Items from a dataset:
━━━━
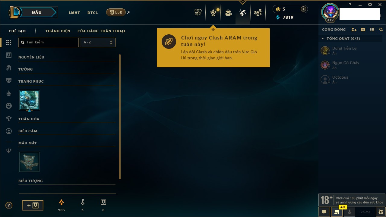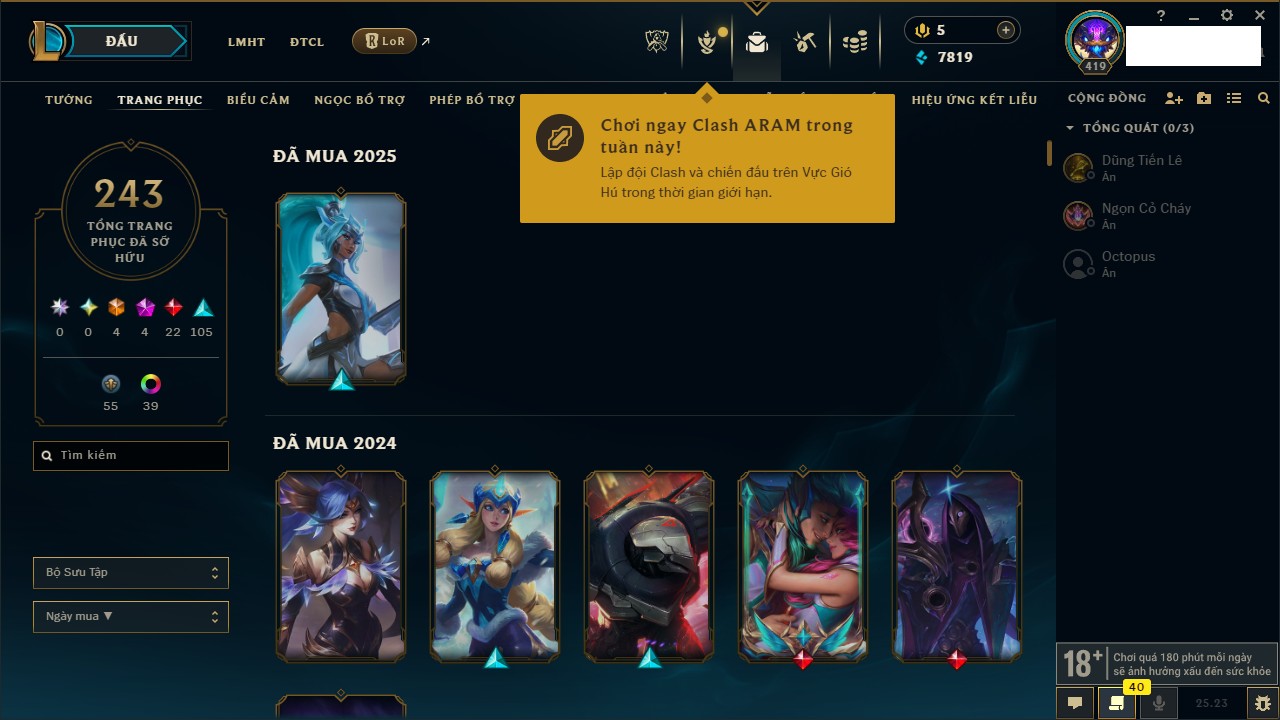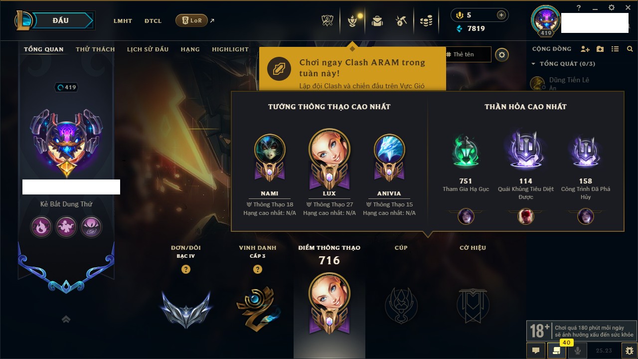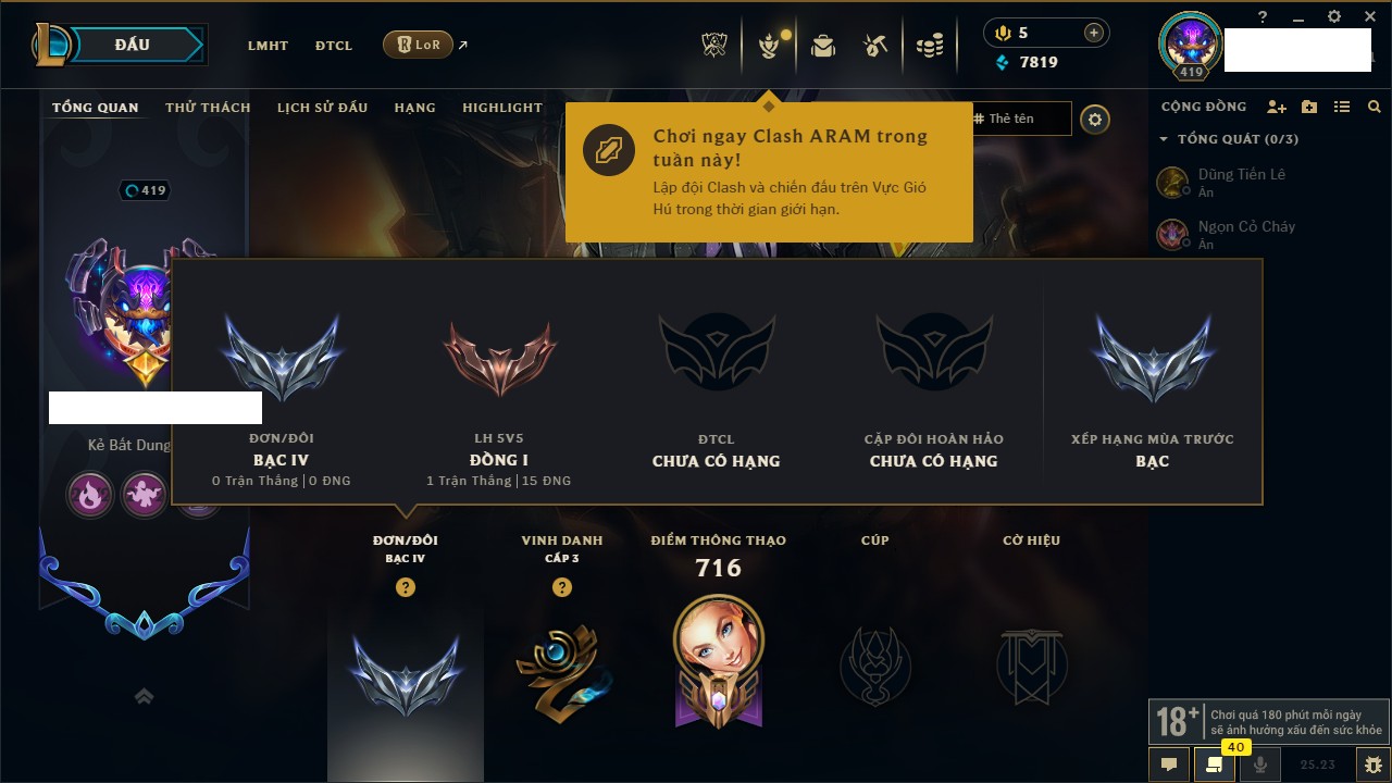 Rank Đơn: Bạc IVKhung: BạcTướng: 171 - Còn 7819 THXTrang Phục: 243Rank ĐTCL: Chưa RankLinh Thú: 102
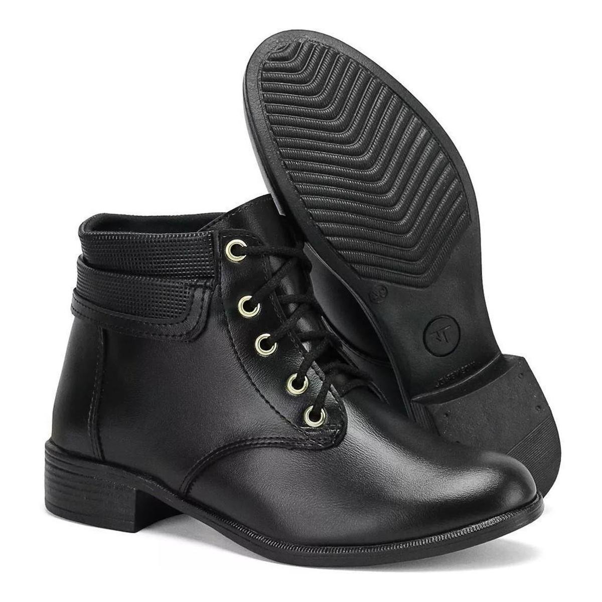 Bota Cano Curto Feminina Coturno Salto Baixo Tratorado Preto
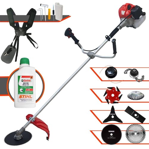 Roçadeira Lateral ANMAX CG430P À Gasolina 2 Tempos 43cc 2HP + Faca 3 Pontas 255m + Faca 40 Dentes 255mm + Faca 80 Dentes 255mm + Trimmer + Escova Rotativa 38 cerdas + Faca 6 Pontas + Óleo Castrol Stihl 500ml
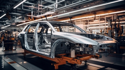 Car automobile factory assembly line. Car production line. Assembling a car on a conveyor belt.
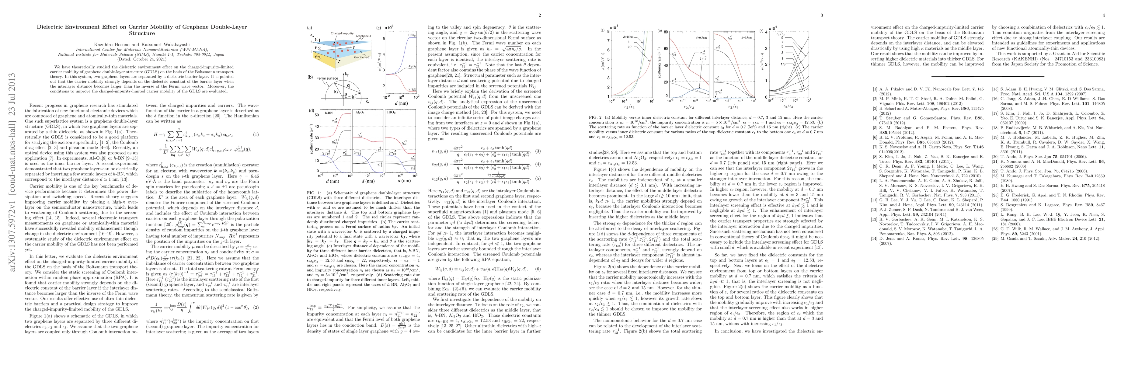 This paper theoretically investigates how the dielectric environment affects carrier mobility in a graphene double-layer structure using Boltzmann transport theory. It finds that carrier mobility is significantly influenced by the dielectric constant when the interlayer distance exceeds the inverse of the Fermi wave vector, and evaluates conditions to enhance mobility.
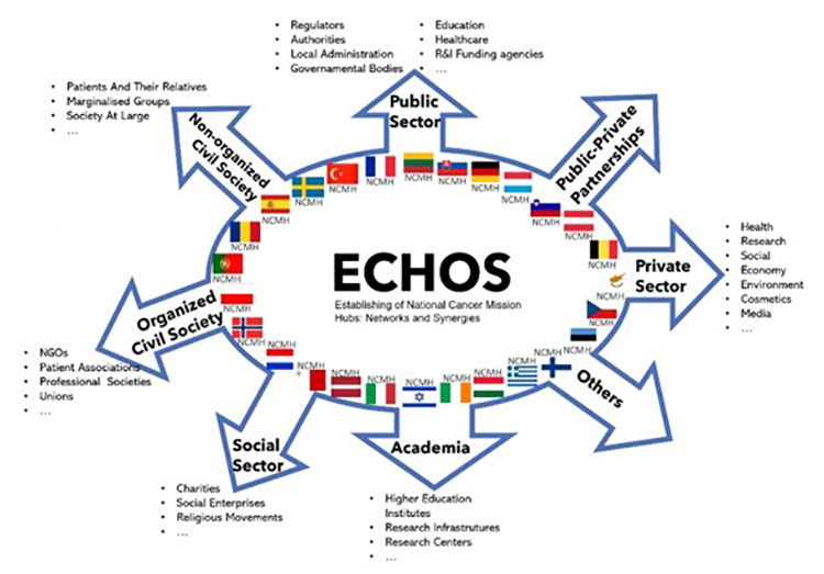 Özetle, ECHoS, Ulusal Kanser Misyonu Merkezleri’nin üye devletler ve asosiye ülkelerde misyonu kanser savunucuları olmaları için koşullar yaratacak ve ikinci bir aşamada uluslararası bir Ulusal Kanser Misyonu Merkezleri ağının gelişimine hız kazandıracaktır.
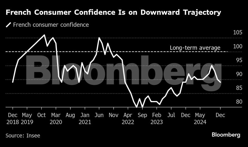 Η γαλλική καταναλωτική εμπιστοσύνη μειώθηκε απροσδόκητα τον Δεκέμβριο στο χαμηλότερο επίπεδο του τελευταίου έτους, προσθέτοντας ενδείξεις ότι η παρατεταμένη πολιτική και δημοσιονομική κρίση της χώρας επιβαρύνει τις οικονομικές προοπτικές.
━━━━
AIM OF THE TASK -> Any pictures are to be skipped, and the lines from the beginning of the entries through the line with "This paper theoretically" copied exactly.

EXERCISE SOLUTION ->
 Rank Đơn: Bạc IVKhung: BạcTướng: 171 - Còn 7819 THXTrang Phục: 243Rank ĐTCL: Chưa RankLinh Thú: 102
 Bota Cano Curto Feminina Coturno Salto Baixo Tratorado Preto
 Roçadeira Lateral ANMAX CG430P À Gasolina 2 Tempos 43cc 2HP + Faca 3 Pontas 255m + Faca 40 Dentes 255mm + Faca 80 Dentes 255mm + Trimmer + Escova Rotativa 38 cerdas + Faca 6 Pontas + Óleo Castrol Stihl 500ml
 Car automobile factory assembly line. Car production line. Assembling a car on a conveyor belt.
 This paper theoretically investigates how the dielectric environment affects carrier mobility in a graphene double-layer structure using Boltzmann transport theory. It finds that carrier mobility is significantly influenced by the dielectric constant when the interlayer distance exceeds the inverse of the Fermi wave vector, and evaluates conditions to enhance mobility.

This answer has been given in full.